[Stored entries]
# # # # # # #
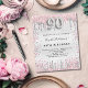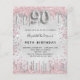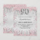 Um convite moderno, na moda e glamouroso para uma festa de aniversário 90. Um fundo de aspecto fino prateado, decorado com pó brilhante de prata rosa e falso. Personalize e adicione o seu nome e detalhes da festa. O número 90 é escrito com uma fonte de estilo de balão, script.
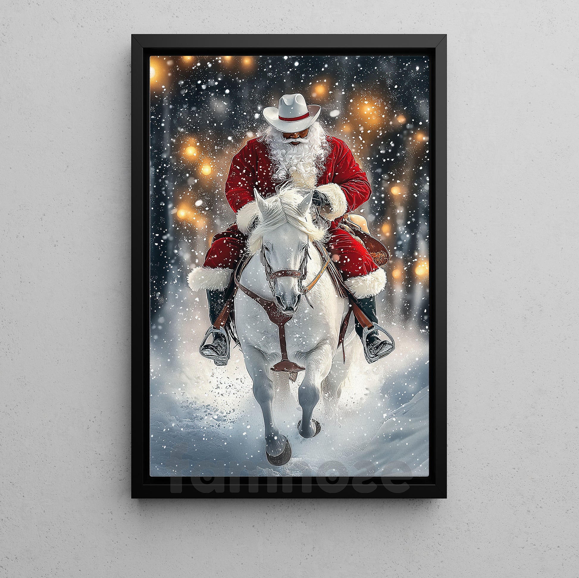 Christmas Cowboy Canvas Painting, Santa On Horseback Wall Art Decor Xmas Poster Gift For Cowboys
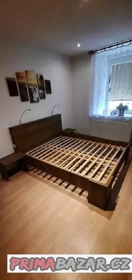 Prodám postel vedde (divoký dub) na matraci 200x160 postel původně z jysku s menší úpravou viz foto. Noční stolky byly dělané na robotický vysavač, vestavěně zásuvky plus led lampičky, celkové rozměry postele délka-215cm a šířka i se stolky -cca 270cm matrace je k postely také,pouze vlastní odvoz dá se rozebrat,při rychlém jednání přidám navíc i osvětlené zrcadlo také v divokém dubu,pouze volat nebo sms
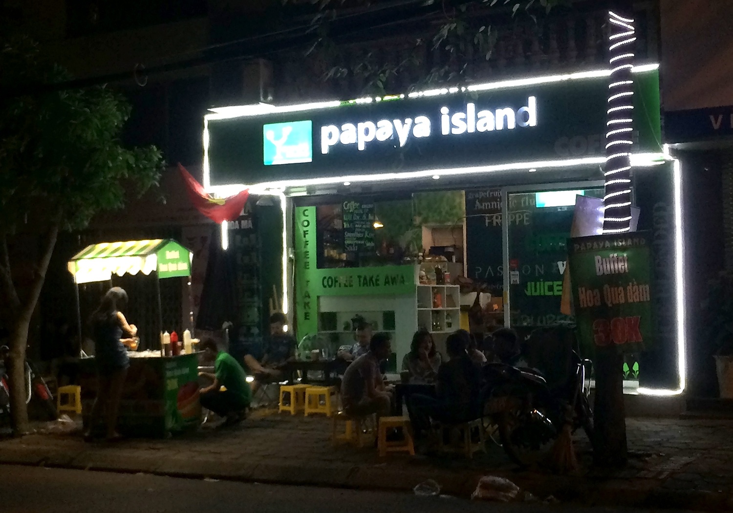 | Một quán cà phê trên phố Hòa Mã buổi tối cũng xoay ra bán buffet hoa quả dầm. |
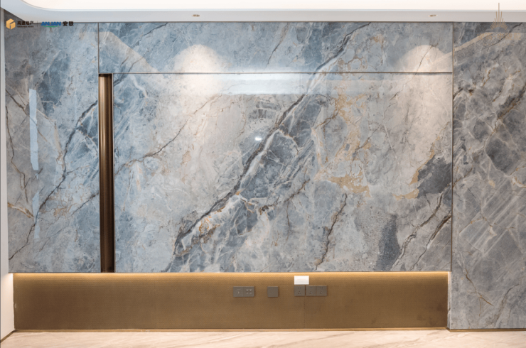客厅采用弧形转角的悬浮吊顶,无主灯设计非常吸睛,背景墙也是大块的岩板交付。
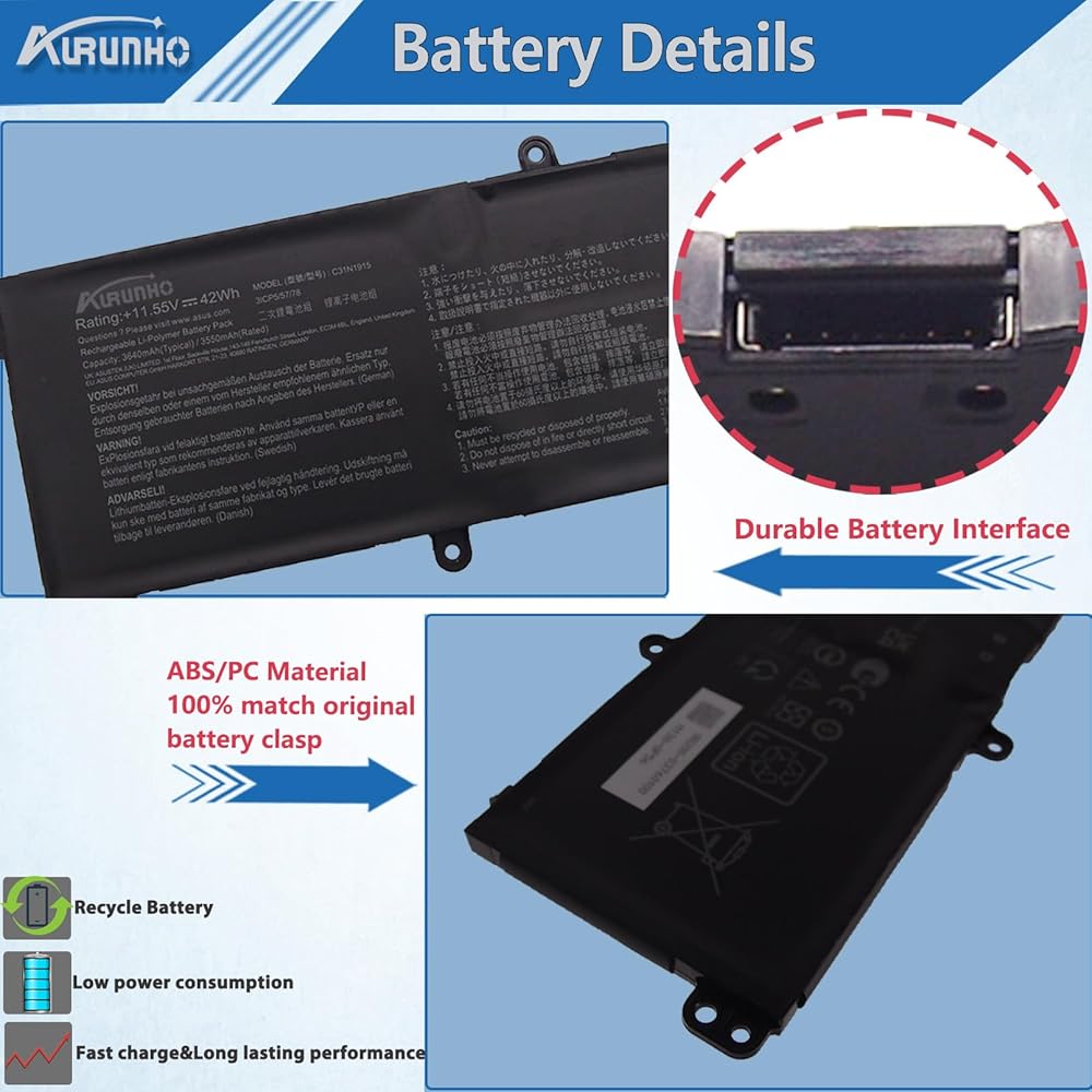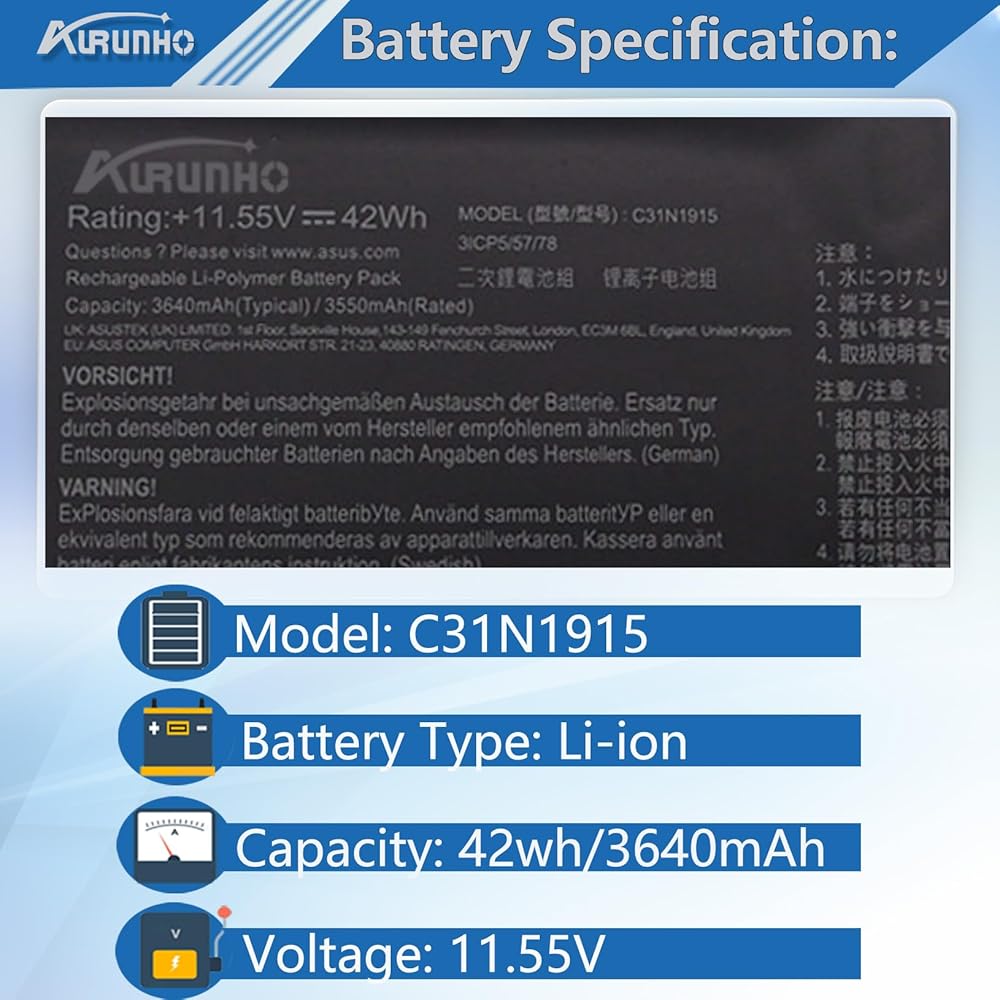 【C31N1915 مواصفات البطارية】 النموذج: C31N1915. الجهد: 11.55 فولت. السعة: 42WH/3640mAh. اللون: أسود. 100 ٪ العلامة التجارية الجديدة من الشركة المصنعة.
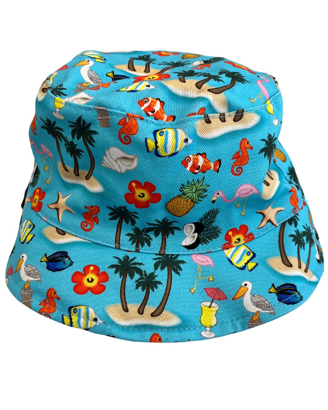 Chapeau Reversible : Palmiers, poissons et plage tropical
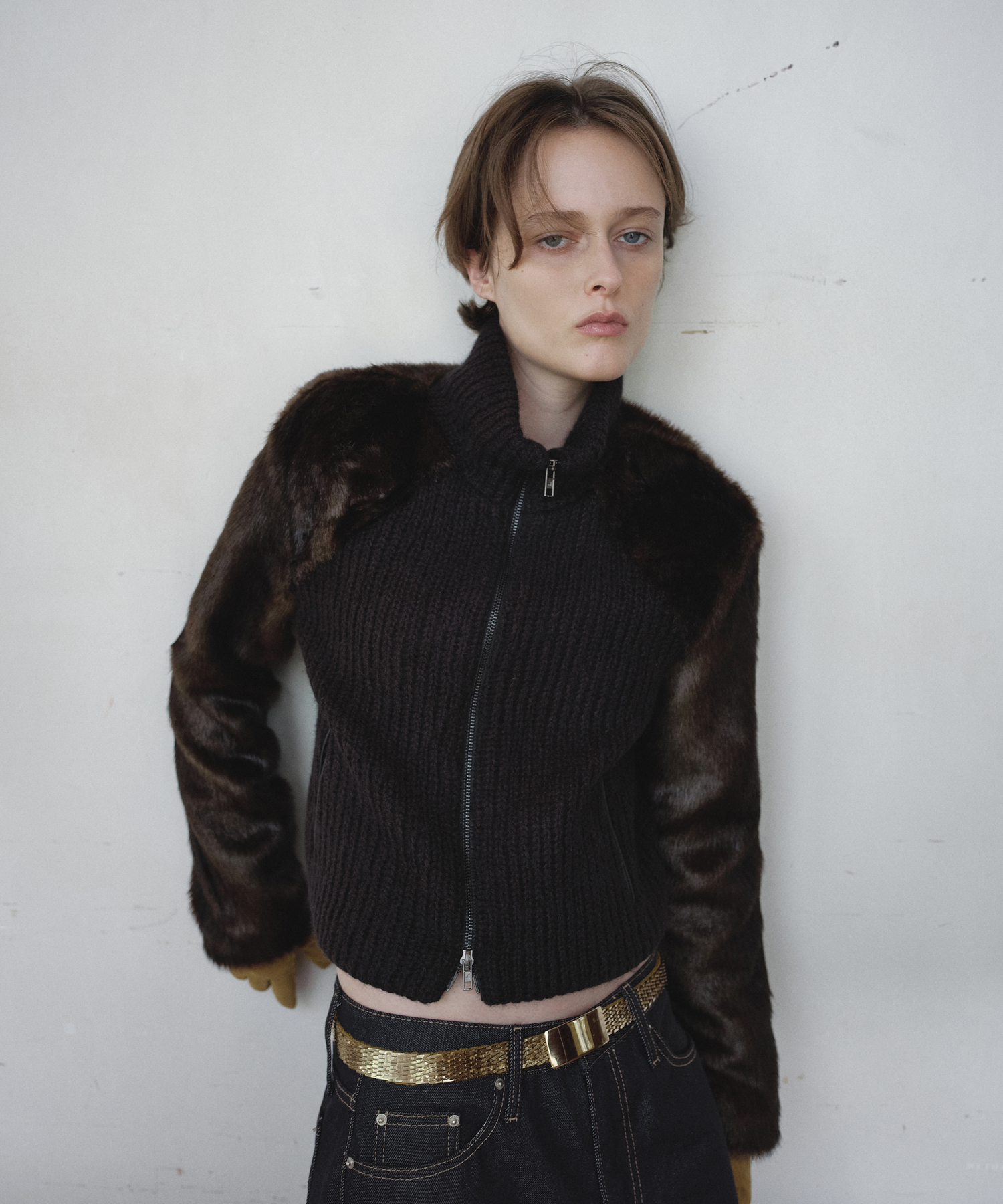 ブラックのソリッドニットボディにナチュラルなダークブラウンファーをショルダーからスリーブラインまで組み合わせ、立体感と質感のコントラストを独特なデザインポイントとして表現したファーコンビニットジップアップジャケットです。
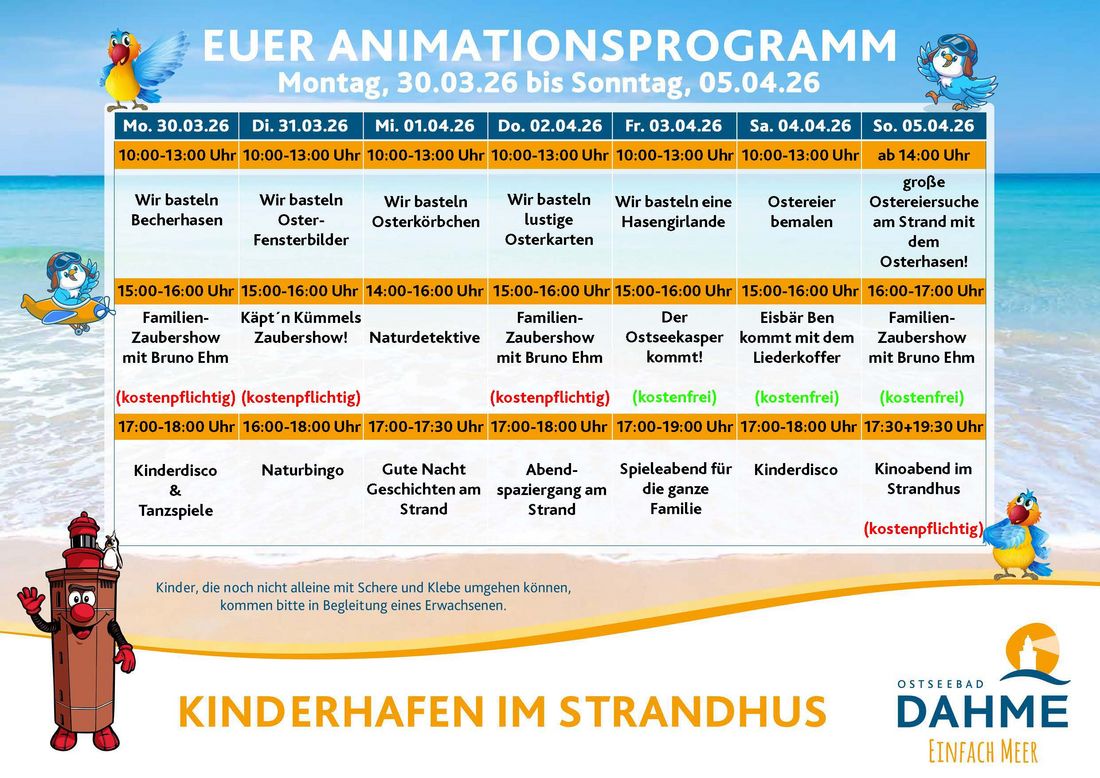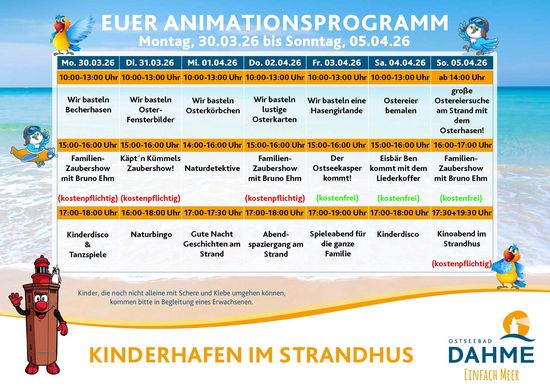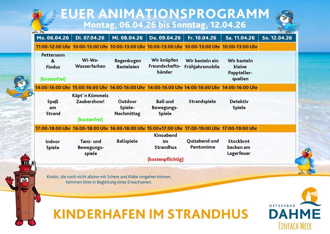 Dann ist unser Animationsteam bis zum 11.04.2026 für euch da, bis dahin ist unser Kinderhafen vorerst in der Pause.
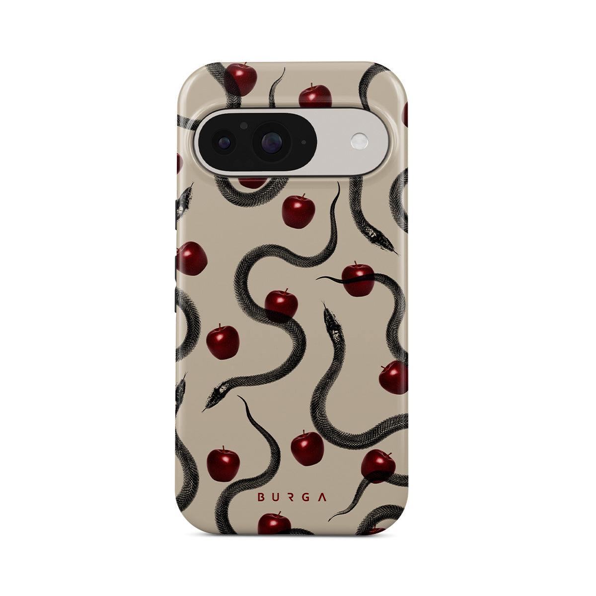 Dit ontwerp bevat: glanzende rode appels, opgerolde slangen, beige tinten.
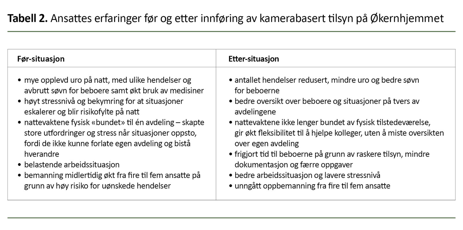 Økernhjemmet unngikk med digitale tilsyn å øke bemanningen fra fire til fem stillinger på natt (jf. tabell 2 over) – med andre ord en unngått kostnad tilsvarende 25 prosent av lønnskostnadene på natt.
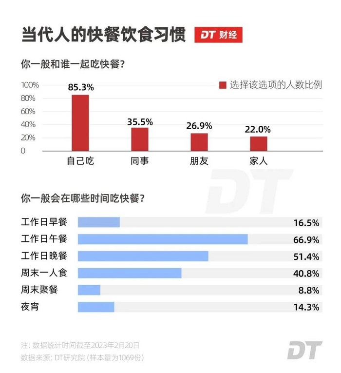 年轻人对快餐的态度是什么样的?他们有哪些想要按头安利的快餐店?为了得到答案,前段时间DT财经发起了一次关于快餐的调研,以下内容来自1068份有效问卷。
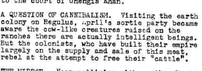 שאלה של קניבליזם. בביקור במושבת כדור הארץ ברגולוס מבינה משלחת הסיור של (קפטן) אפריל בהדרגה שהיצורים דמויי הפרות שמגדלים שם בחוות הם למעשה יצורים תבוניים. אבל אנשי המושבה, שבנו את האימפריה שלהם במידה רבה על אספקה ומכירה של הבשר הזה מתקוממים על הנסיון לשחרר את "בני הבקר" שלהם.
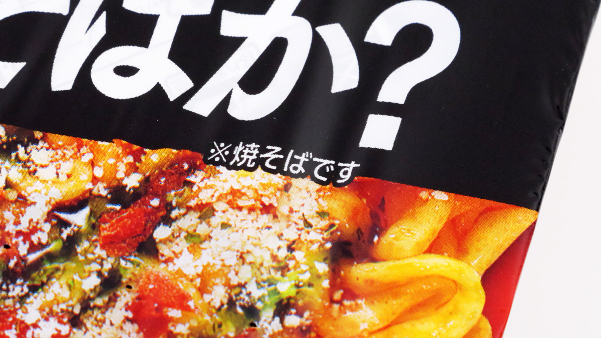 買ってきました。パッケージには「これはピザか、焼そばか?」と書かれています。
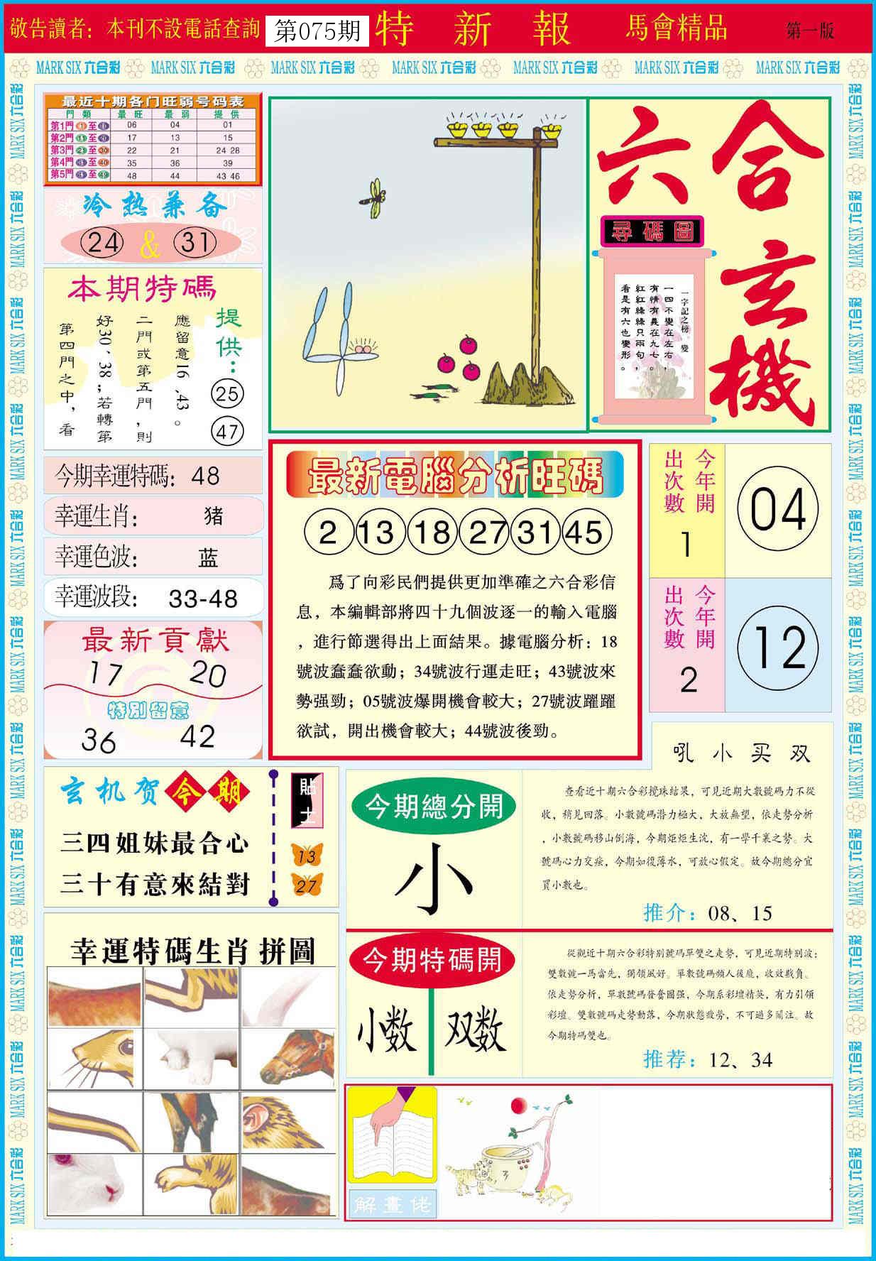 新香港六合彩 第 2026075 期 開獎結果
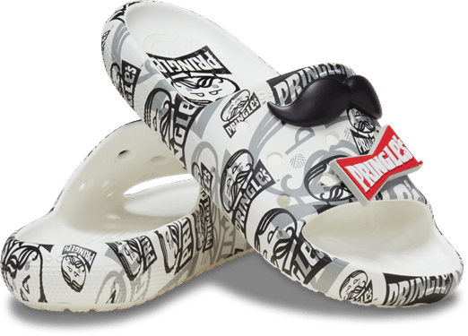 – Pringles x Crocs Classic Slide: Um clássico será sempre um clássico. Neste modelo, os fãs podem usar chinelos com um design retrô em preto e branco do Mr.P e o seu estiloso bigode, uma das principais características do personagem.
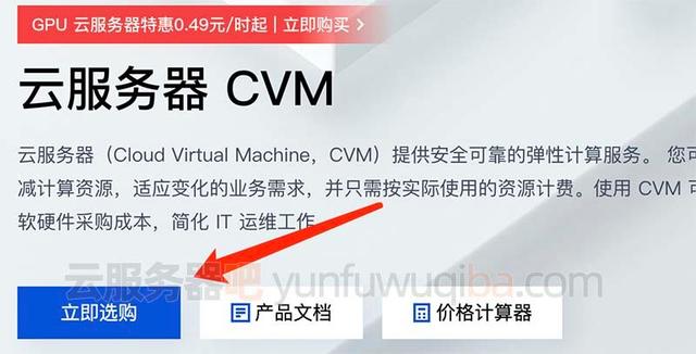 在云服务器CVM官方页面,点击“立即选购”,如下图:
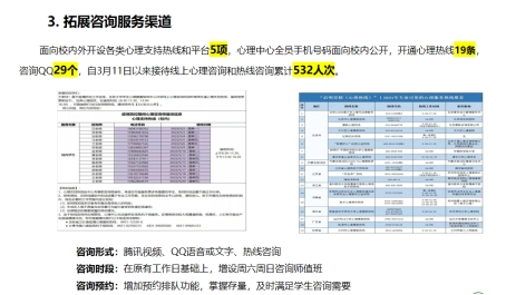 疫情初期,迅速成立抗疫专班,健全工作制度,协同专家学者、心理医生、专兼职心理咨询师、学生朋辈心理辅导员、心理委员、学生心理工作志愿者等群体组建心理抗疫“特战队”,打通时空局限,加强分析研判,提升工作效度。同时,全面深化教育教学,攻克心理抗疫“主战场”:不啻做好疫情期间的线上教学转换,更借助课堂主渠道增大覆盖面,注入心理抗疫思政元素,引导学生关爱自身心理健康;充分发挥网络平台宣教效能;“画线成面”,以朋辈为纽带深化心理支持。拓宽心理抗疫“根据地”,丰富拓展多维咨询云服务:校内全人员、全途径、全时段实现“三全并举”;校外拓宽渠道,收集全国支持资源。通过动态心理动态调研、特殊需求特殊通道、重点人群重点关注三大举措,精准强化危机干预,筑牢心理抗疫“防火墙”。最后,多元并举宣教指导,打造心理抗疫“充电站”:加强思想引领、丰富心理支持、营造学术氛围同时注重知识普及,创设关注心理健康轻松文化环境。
# # # # # # #
• [EXERCISE DESCRIPTION] Each line above that falls between the line with "hoa quả dầm. |" and the line with "Chapeau Reversible : Palmiers, poissons" should be printed exactly, together with those two lines, but the pictures should not.

• [SOLUTION BELOW]
 | Một quán cà phê trên phố Hòa Mã buổi tối cũng xoay ra bán buffet hoa quả dầm. |
客厅采用弧形转角的悬浮吊顶,无主灯设计非常吸睛,背景墙也是大块的岩板交付。
 【C31N1915 مواصفات البطارية】 النموذج: C31N1915. الجهد: 11.55 فولت. السعة: 42WH/3640mAh. اللون: أسود. 100 ٪ العلامة التجارية الجديدة من الشركة المصنعة.
 Chapeau Reversible : Palmiers, poissons et plage tropical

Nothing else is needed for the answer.